LEAPdb / Late Embryogenesis Abundant Proteins database

Harbors a comprehensive data set for late embryogenesis abundant proteins (LEAP) with tools designed for their online analysis. LEAPdb provides a curated archive of LEAP families to navigate, interpret, and understand this data. The database includes functions to search, describe and analyze LEAP. It can be useful for the compilation and the organization of data concerning LEAP, the classification of the various sub-families, the design of experiments to elucidate the function of this proteins and to help the analysis of the LEAP structure-function relationships.


Provides a platform for the comparative study of Plasmodium genomes. Plasmobase is a database that reports known and new protein domains identified by DAMA and CLADE on the 11 fully sequenced genomes in PlasmoDB. This resource proposes a visualization of domain architectures.
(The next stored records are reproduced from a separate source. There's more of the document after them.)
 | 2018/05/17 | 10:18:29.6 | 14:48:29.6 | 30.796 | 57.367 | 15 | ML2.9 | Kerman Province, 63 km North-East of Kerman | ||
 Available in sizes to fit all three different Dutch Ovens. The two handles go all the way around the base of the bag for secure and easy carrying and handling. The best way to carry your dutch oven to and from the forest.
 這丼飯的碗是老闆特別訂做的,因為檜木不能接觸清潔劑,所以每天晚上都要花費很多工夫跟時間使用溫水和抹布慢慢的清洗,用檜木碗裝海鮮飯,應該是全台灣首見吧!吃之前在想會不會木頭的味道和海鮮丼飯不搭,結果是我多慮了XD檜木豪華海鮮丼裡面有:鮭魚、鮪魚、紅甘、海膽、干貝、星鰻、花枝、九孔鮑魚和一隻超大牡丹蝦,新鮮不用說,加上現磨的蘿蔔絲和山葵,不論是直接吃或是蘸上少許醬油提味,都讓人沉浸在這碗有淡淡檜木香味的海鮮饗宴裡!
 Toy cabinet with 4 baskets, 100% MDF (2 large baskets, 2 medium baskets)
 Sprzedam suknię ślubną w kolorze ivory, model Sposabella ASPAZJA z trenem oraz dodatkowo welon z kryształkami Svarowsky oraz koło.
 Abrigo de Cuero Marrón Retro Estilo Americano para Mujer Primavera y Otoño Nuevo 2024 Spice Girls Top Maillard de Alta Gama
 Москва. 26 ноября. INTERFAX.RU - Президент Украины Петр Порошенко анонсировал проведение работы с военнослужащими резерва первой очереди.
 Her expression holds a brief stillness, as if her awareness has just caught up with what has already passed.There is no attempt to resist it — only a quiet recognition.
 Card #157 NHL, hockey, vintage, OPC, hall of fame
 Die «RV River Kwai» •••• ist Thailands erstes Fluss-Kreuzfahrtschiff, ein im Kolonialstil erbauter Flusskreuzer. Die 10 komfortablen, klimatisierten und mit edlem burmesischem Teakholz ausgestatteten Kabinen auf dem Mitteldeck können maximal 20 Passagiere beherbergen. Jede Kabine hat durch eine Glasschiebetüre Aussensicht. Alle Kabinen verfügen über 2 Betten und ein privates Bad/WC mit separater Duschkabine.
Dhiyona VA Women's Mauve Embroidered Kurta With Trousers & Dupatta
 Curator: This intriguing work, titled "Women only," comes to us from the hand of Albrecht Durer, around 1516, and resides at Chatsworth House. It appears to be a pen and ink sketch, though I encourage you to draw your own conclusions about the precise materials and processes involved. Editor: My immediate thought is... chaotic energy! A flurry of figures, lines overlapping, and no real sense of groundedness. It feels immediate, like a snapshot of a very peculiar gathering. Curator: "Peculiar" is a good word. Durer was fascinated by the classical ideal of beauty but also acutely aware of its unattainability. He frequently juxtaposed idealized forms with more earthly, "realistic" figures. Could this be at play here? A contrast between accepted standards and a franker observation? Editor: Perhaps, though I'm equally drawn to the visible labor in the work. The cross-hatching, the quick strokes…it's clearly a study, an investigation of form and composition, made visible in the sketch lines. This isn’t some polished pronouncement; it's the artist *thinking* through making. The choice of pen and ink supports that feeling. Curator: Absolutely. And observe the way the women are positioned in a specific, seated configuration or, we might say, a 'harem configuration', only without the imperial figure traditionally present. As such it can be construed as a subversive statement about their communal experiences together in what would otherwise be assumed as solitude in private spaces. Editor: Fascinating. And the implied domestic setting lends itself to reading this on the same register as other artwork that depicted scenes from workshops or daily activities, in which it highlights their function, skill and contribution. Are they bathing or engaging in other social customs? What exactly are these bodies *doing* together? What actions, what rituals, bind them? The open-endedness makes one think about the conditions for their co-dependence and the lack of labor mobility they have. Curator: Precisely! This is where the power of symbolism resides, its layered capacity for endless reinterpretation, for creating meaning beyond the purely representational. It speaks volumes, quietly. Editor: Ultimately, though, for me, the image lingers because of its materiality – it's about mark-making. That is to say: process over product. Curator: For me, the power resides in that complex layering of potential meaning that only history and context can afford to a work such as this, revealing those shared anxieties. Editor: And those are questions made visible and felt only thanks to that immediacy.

It also allows for an easy comparison among architectures within Plasmodium species and all other species in UniProt. A friendly interface permits users to interact with the platform to access new annotations and possibly detect annotation errors.

ProFITS / Protein Families Involved in the Transduction of Signalling

Categorizes transcription factors (TFs), protein kinases/phosphatases (PKs/PPs) and ubiquitin proteasome-system (UPS)-related genes in maize. ProFITS is a database that provides users with a comprehensive profile of genes involved in signal transduction, to facilitate studies on signal transduction in the maize genome. It contains more than 30,000 genes and 50,000 transcripts of the maize genome and more than 50,000 full length cDNA (FLcDNA) sequences. The database also provides several analysis and exploration tools.

AutoPSI / Automated Protein Structure Identification

Provides structure and sequence-based Structural Classification Of Proteins (SCOP) database predictions. AutoPSI is a database of predicted SCOP annotations based on two predictors, Vorolign and AutoSCOP. It aims to bridge the gap between new SCOP releases for structurally resolved proteins in the PDB and yet unclassified by SCOP, as well as to bridge the gap between protein sequences stored in UniProt and known structures in the PDB. The database can assist in clarifying the protein sequence-structure space.

SMoS / Structural Motifs of Superfamilies

Provides important sequence segments. SMoS is a database that integrates the structural features of such motifs for several superfamilies. The provided segments can be projected as the minimum structural requirements for a new member to be considered part of a pre-existing superfamily. Structural motifs provided in this resource have applications in sequence searches, sequence alignments and distant homology modelling. This can also help to rationalize and design mutation experiments in proteins.

MTB-PCDB / Mycobacterium tuberculosis Proteome Comparison Database

Provides integrated access to proteome sequence comparison data. MTB-PCDB is a comprehensive database that help users in easy navigation and retrieval of information for analysis. It includes five strains of Mycobacterium tuberculosis (H37Rv, H37Ra, CDC 1551, F11 and KZN 1435) sequenced completely so far. This information also facilitates design of new antitubercular vaccines and therapeutic agents based on the identified virulence-associated mutations.

PCBOST / Protein Classification Based On Structural Trees

Provides a hierarchically organized database of protein structures. PCBOST is a protein classification based on structural trees. This structural classification of proteins is based on the spatial structural similarity and common folding pathways simulated with the trees. The classification disregards the amino acid sequences, functions, and evolutionary relationships of proteins which are taken into account in other known classifications.

PairsDB / Pairs Database

Offers a way to facilitate the establishment of family relationships between all known protein sequences. PairsDB aims to assign functions to novel proteins and to identify conserved parts in the protein sequences. It allows exploration of protein sequences and their similarity relationships. The database is able to report distant neighbours and display query-anchored stacked alignments. It can be useful for determination of orthologous genes in completely sequenced genomes.